Ministro do STJ propõe remissão de pena a mulheres que amamentam
No dia 10 de abril, um gesto de humanidade se destacou: um ministro do STJ sugeriu que o período de amamentação possa gerar remissão de pena. A proposta, embora ainda em construção normativa, revela sensibilidade à dignidade da mulher presa e ao direito da criança à convivência materna – pilares muitas vezes ignorados pelo sistema penal.
Busca domiciliar sem mandado e sem consentimento é nula, reafirma STF
Em de 9 de abril, o STF reafirmou jurisprudência fundamental ao declarar nula a entrada em domicílio sem mandado e sem consentimento válido. A decisão fortalece a proteção da casa como espaço inviolável e combate a práticas abusivas que atingem, quase sempre, os mesmos corpos e territórios.
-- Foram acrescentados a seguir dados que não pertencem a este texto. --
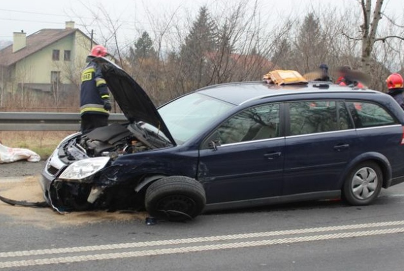 Dwie osoby ranne zabrano do szpitala w Wadowicach z wypadku na drodze krajowej nr 52. Na prostej drodze wpadły na siebie auta osobowe.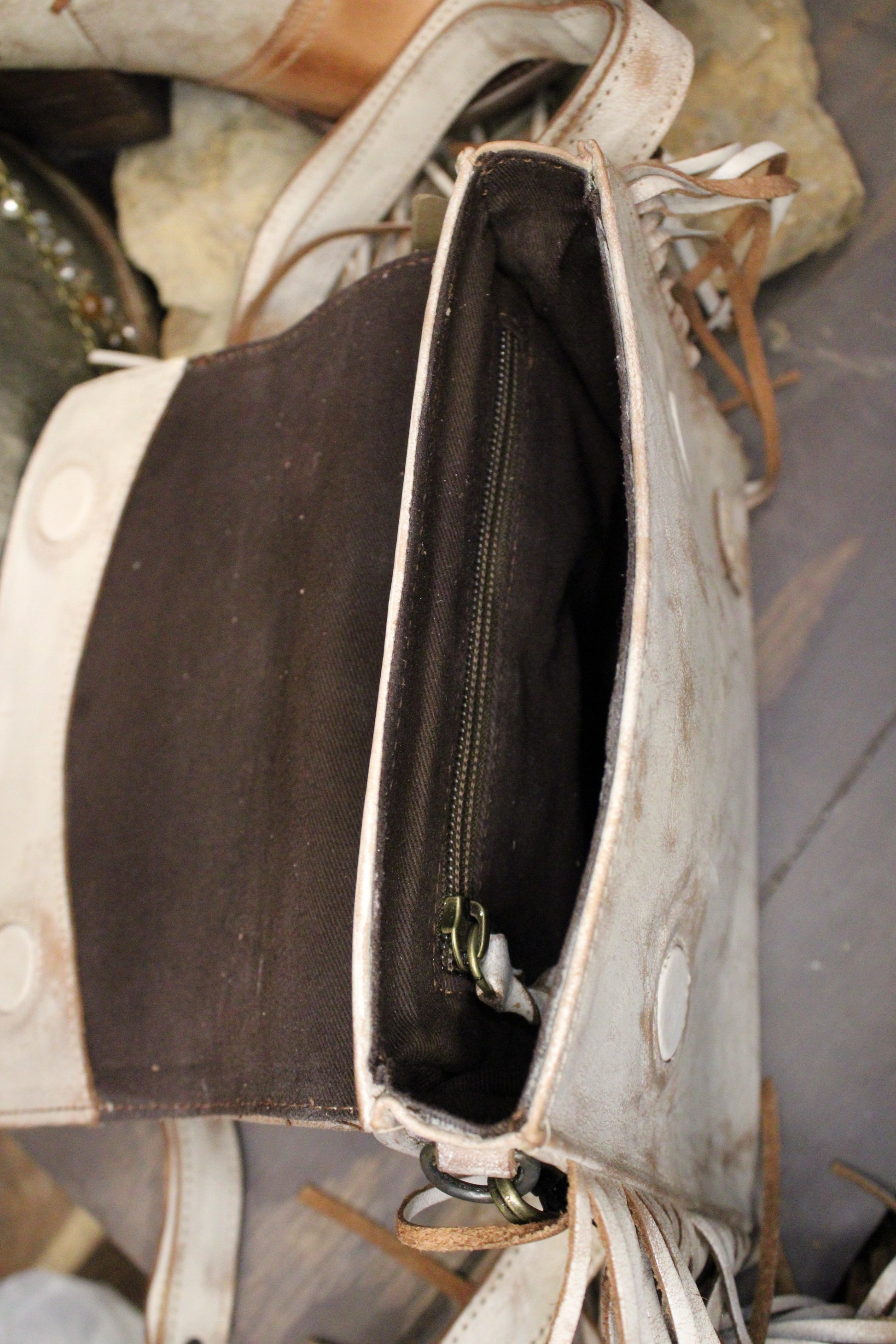 - Compact crossbody with adjustable and removable strap, fun fringe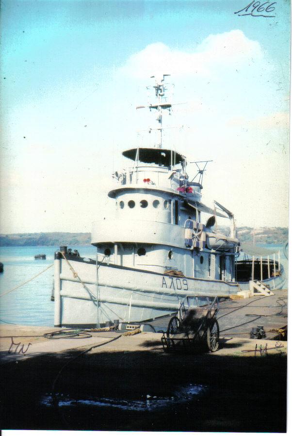 |  Remorqueur côtier MALABAR (photo Marine Nationale comme celle de l'équipage, le jour de l'inspection générale 1965)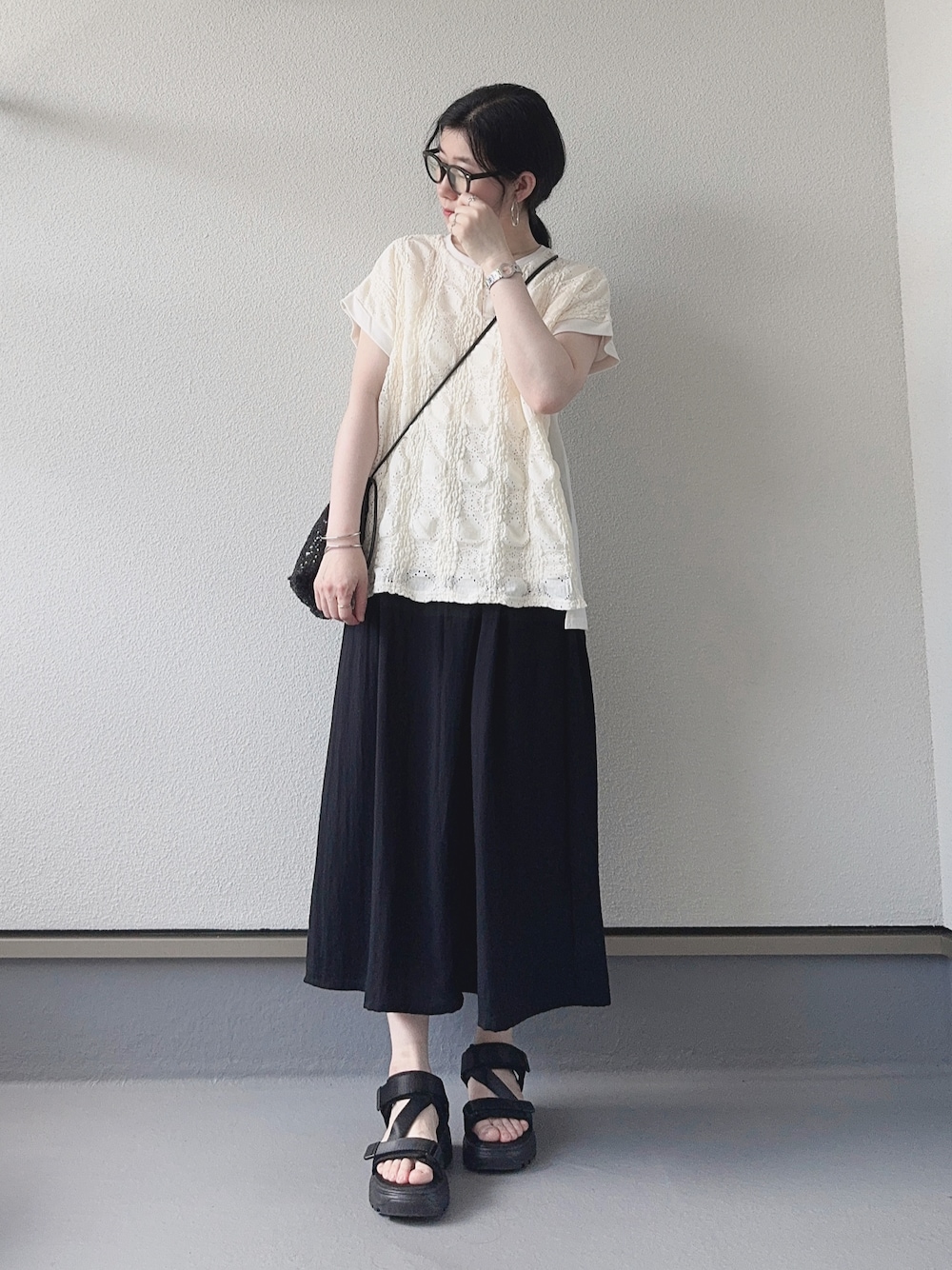 涼しげな夏素材アイテムで楽ちんカジュアルコーデ⭐︎ 前後異素材コンビが魅力のプルオーバーと 接触冷感機能が付きリネンライク素材のスカーチョ🤍🖤 🏷️ ikka 【コスパ最強1990円(税抜)】レースジャガード切り替えプルオーバー 冷感スラブタックスカーチョ いいね、お気に入り、フォローとても励みになります✨ いつもありがとうございます❣️

STJ decide reavaliar critérios de “fundada suspeita” em ações policiais
Também em 9 de abril, o STJ anunciou reavaliação dos parâmetros utilizados para justificar abordagens policiais com base em “fundadas suspeitas”. Trata-se de um avanço necessário diante do uso indiscriminado desse argumento como pretexto para práticas racistas, autoritárias e ilegais.
Congresso aumenta pena para crimes contra juízes e membros do MP
No dia 8 de abril, o Congresso Nacional aprovou o aumento das penas em casos de homicídio ou lesão contra magistrados e membros do Ministério Público. Embora a proteção institucional seja legítima, a medida revela um viés corporativista que contrasta com a omissão do Estado frente à violência cotidiana contra a população comum.
STJ reconhece “pesca probatória” e anula provas contra médica acusada
Por fim, no mesmo 8 de abril, o STJ anulou provas colhidas contra uma médica acusada de antecipar mortes em hospital público, ao reconhecer que houve “pesca probatória” – uma devassa generalizada sem foco, violando a legalidade e a presunção de inocência. O caso reforça a importância de limites rigorosos à atuação estatal.
Entre o Direito e o espetáculo punitivo, é preciso escolher um lado
As decisões da semana, portanto, nos colocam diante de uma bifurcação: ou reafirmamos o Estado Democrático de Direito, com suas garantias, seus limites e sua dignidade, ou legitimamos o arbítrio e o espetáculo punitivo. Atuo todos os dias na fronteira entre essas escolhas – nos tribunais, na academia, na gestão pública. E, como jurista, sigo acreditando: o Direito não é vingança. É razão, é método, é limite. E, sobretudo, é civilização.